◆ WHAT IS NEEDED: In the entries that follow, the line with "Home / News" opens the range and the line with "I took that" closes it; repeat that range exactly, both lines included.

◆ SUPPLIED MATERIAL:
━━━━━━━━

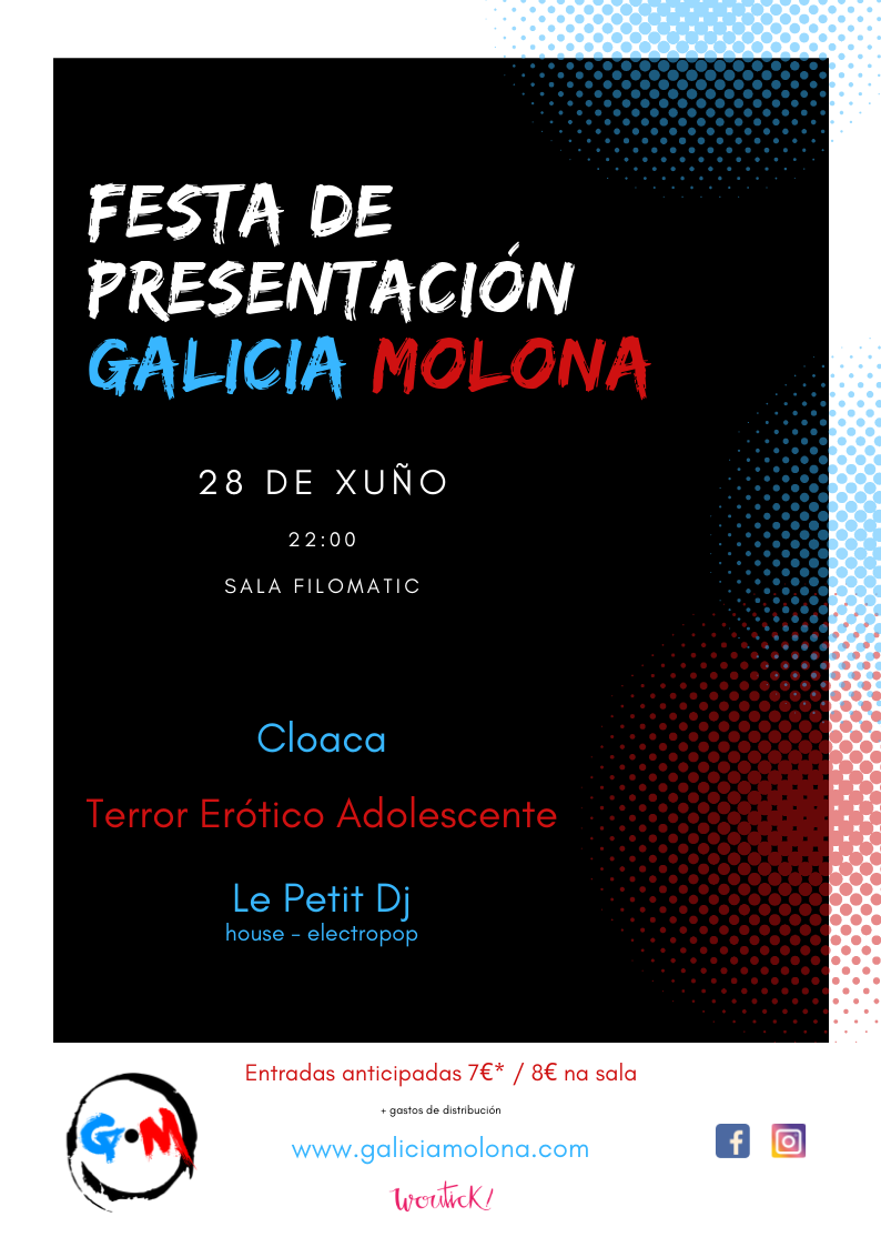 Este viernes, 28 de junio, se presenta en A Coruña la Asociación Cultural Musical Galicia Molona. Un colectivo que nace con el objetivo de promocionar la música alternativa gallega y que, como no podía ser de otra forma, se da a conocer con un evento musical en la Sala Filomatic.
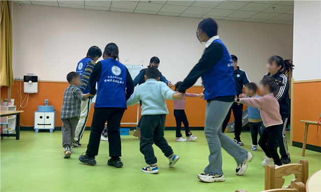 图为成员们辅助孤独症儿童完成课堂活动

━━━━━━━━

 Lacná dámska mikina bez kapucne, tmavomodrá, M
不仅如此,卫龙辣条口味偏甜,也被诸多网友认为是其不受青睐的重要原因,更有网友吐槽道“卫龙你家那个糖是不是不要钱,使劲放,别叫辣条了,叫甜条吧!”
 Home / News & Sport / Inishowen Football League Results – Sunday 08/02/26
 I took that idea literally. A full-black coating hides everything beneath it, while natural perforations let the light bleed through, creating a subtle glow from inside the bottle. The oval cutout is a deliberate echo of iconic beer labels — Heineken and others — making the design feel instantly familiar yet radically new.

━━━━━━━━

◆ TASK RESULT:
 Home / News & Sport / Inishowen Football League Results – Sunday 08/02/26
 I took that idea literally. A full-black coating hides everything beneath it, while natural perforations let the light bleed through, creating a subtle glow from inside the bottle. The oval cutout is a deliberate echo of iconic beer labels — Heineken and others — making the design feel instantly familiar yet radically new.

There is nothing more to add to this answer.